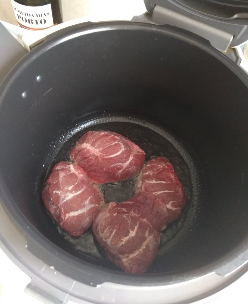 Ponemos a calentar en la olla rápida( yo las hago en la Cookeo de Moulinex) un poco de aceite de oliva virgen extra y, cuando esté bien caliente, freímos en el las carrilleras salpimentadas a fuego bastante fuerte, para que se sellen.
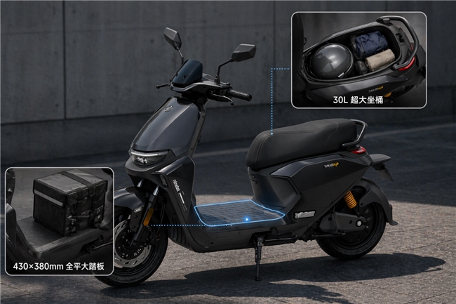 九号 M3 95c MAX 闪骑版把这些细节都考虑到了:30L 超大坐桶,能轻松放下雨具、工具和备用物品,不用再到处乱塞;430×380mm 全平大踏板,不仅能稳稳承载外卖箱,临时放个包裹、外卖袋也很方便,实用性拉满。
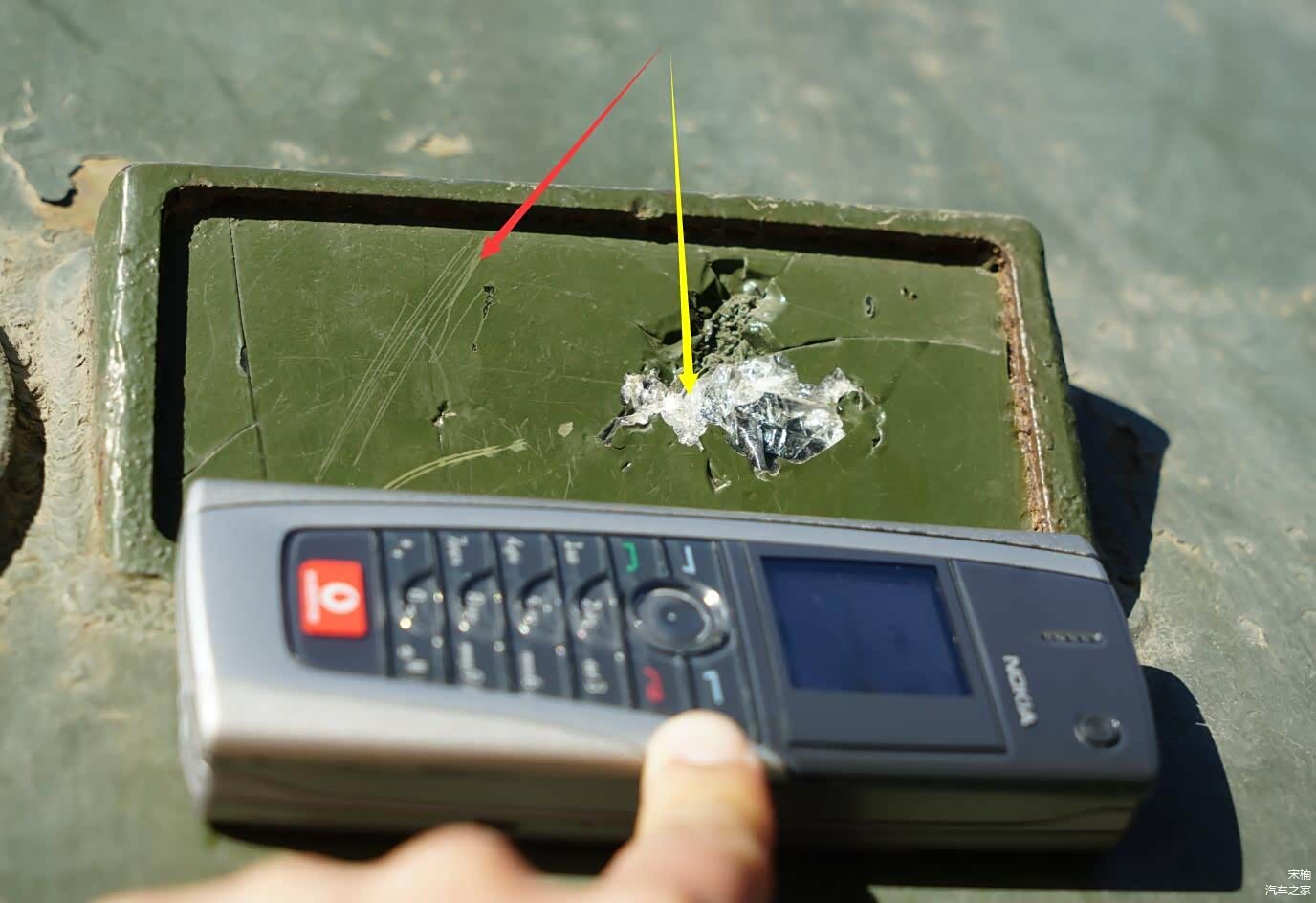 上图为522车载员舱侧装甲板上的观察孔防弹玻璃,与诺基亚9系列个人通讯终端比对特写。
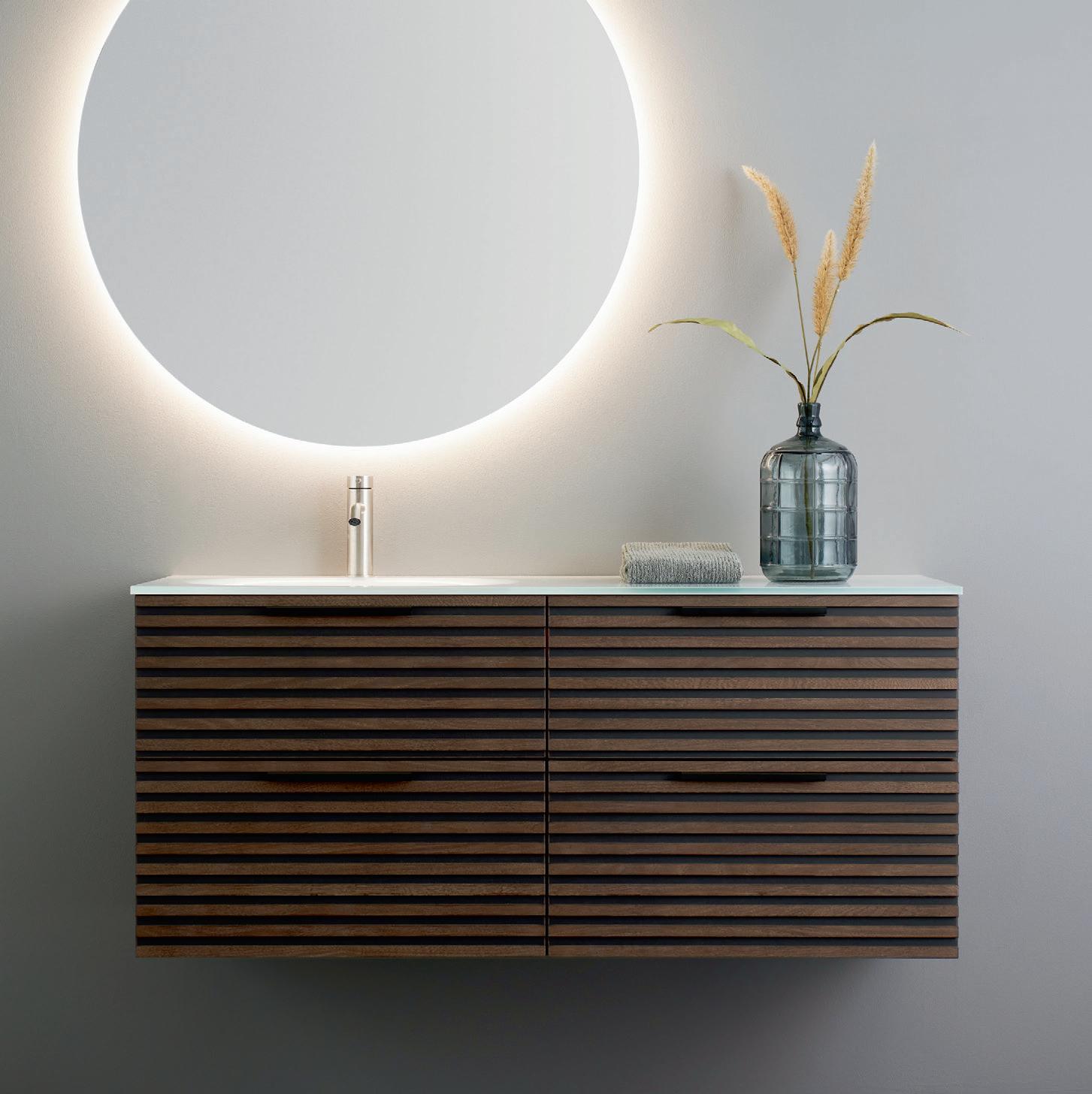 Naturmateriale som tre gir baderommet en herlig varme og tyngde. Nå får vår bestselgende møbelserie enda flere muligheter.
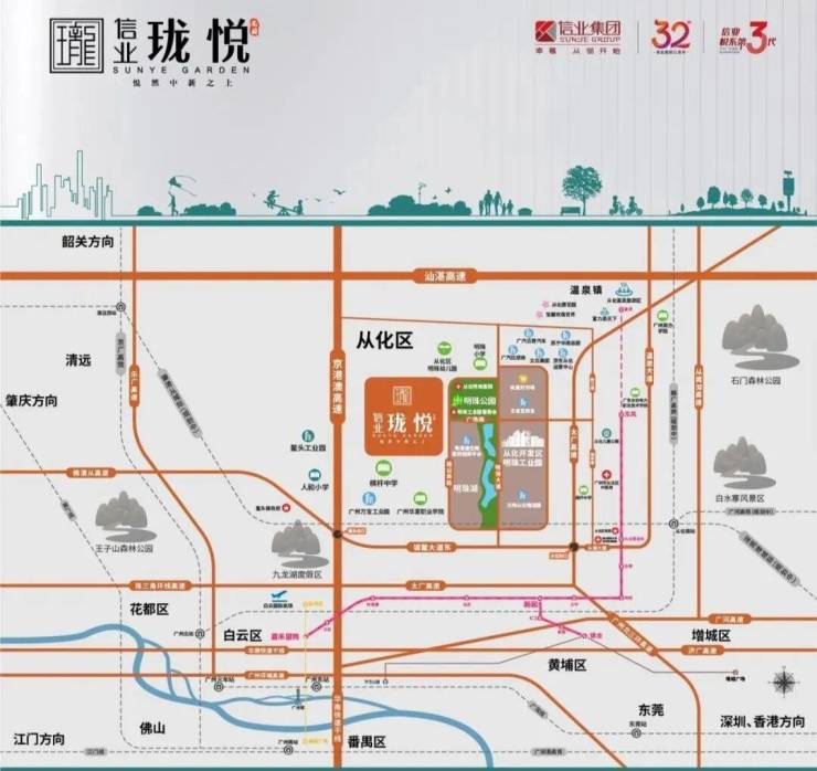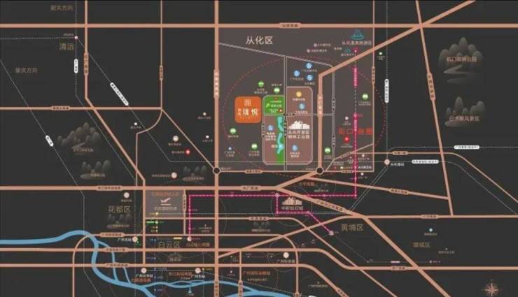 项目社区楼巴,直通14号线从化客运站地铁口、快线四站到嘉禾望岗。距离京珠、大广高速入口不足5分钟车程,到广州白云机场仅20分钟,两小时内可快速到达粤港澳大湾区主要城市。地铁14号线从化客运站距项目约9公里,未来规划中的地铁42号线将缩短至1公里,交通网络逐步完善。
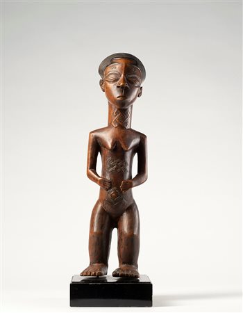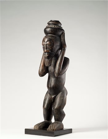 I Lega o, Rega / Warega come in passato erano chiamati, sono circa 200.000 indigeni del Congo che vivono nella foresta equatoriale della regione di Maniema e sulle pendici del lago Tanganica occidentale.La loro società, in passato, era organizzata con una complessa istituzione chiamata Bwame. Divisa in vari livelli, aveva il compito di organizzare la vita sociale, politica, giudiziaria e religiosa della comunità. I passaggi da un livello all’altro si ottenevano dopo aver dato prova di abilità personale nelle varie attività della vita: allevamento corretto dei figli, cattura di grossi animali nelle battute di caccia collettiva, comportamento eroico nelle battaglie tribali, ecc.Sia le maschere, che le sculture realizzate in legno, osso, avorio, rappresentavano per i proprietari il segno identitario del proprio livello gerarchico raggiunto. L’avorio costituiva il materiale del rango più alto. Gli oggetti, una volta acquisiti, venivano custoditi nei panieri di vimini e tramandati con orgoglio ai propri discendenti. Durante le festività del villaggio erano mostrati al pubblico, appesi su trespoli di legno improvvisati, davanti alla propria abitazione. -
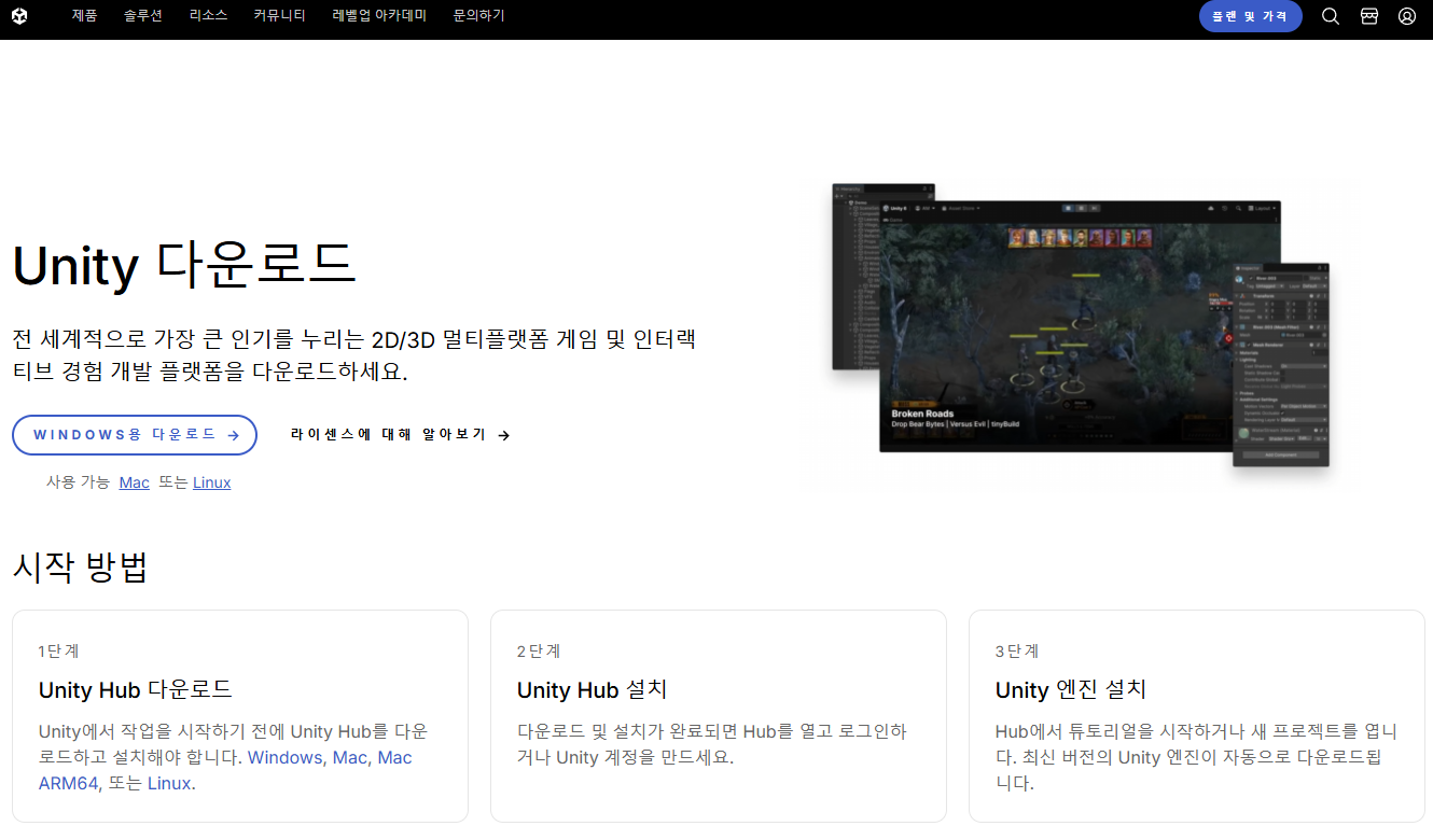 마지막으로 Unity hub 다운로드
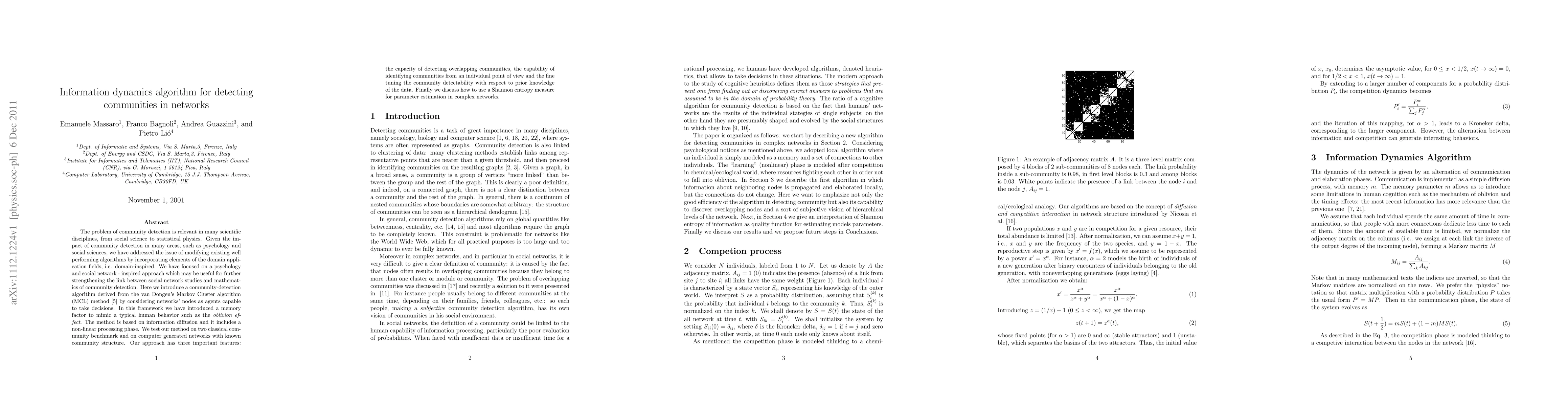 The problem of community detection is relevant in many scientific disciplines, from social science to statistical physics. Given the impact of community detection in many areas, such as psychology and social sciences, we have addressed the issue of modifying existing well performing algorithms by incorporating elements of the domain application fields, i.e. domain-inspired. We have focused on a psychology and social network - inspired approach which may be useful for further strengthening the link between social network studies and mathematics of community detection. Here we introduce a community-detection algorithm derived from the van Dongen's Markov Cluster algorithm (MCL) method by considering networks' nodes as agents capable to take decisions. In this framework we have introduced a memory factor to mimic a typical human behavior such as the oblivion effect. The method is based on information diffusion and it includes a non-linear processing phase. We test our method on two classical community benchmark and on computer generated networks with known community structure. Our approach has three important features: the capacity of detecting overlapping communities, the capability of identifying communities from an individual point of view and the fine tuning the community detectability with respect to prior knowledge of the data. Finally we discuss how to use a Shannon entropy measure for parameter estimation in complex networks.
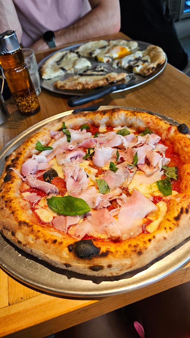 Organic tomato, fior di latte, prosciutto cotto and basil
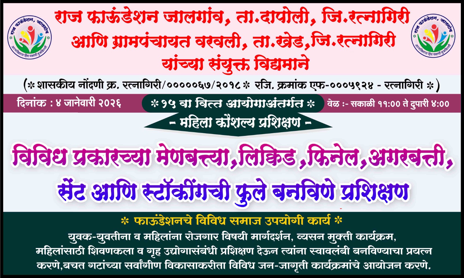ग्रामपंचायत वरवली कडून शनिवारी दिनांक १०/०१/२०२६ रोजी बचत गटातील महिलांना व्यवसाय कौशल्य प्रशिक्षण देण्यात आले.
☆ ☆ ☆ ☆
◆ Your instructions
An exact copy of the lines above, from the first through the line that holds "项目社区楼巴,直通14号线从", is what is needed; leave the pictures out.

◆ Written solution
 Ponemos a calentar en la olla rápida( yo las hago en la Cookeo de Moulinex) un poco de aceite de oliva virgen extra y, cuando esté bien caliente, freímos en el las carrilleras salpimentadas a fuego bastante fuerte, para que se sellen.
 九号 M3 95c MAX 闪骑版把这些细节都考虑到了:30L 超大坐桶,能轻松放下雨具、工具和备用物品,不用再到处乱塞;430×380mm 全平大踏板,不仅能稳稳承载外卖箱,临时放个包裹、外卖袋也很方便,实用性拉满。
 上图为522车载员舱侧装甲板上的观察孔防弹玻璃,与诺基亚9系列个人通讯终端比对特写。
 Naturmateriale som tre gir baderommet en herlig varme og tyngde. Nå får vår bestselgende møbelserie enda flere muligheter.
 项目社区楼巴,直通14号线从化客运站地铁口、快线四站到嘉禾望岗。距离京珠、大广高速入口不足5分钟车程,到广州白云机场仅20分钟,两小时内可快速到达粤港澳大湾区主要城市。地铁14号线从化客运站距项目约9公里,未来规划中的地铁42号线将缩短至1公里,交通网络逐步完善。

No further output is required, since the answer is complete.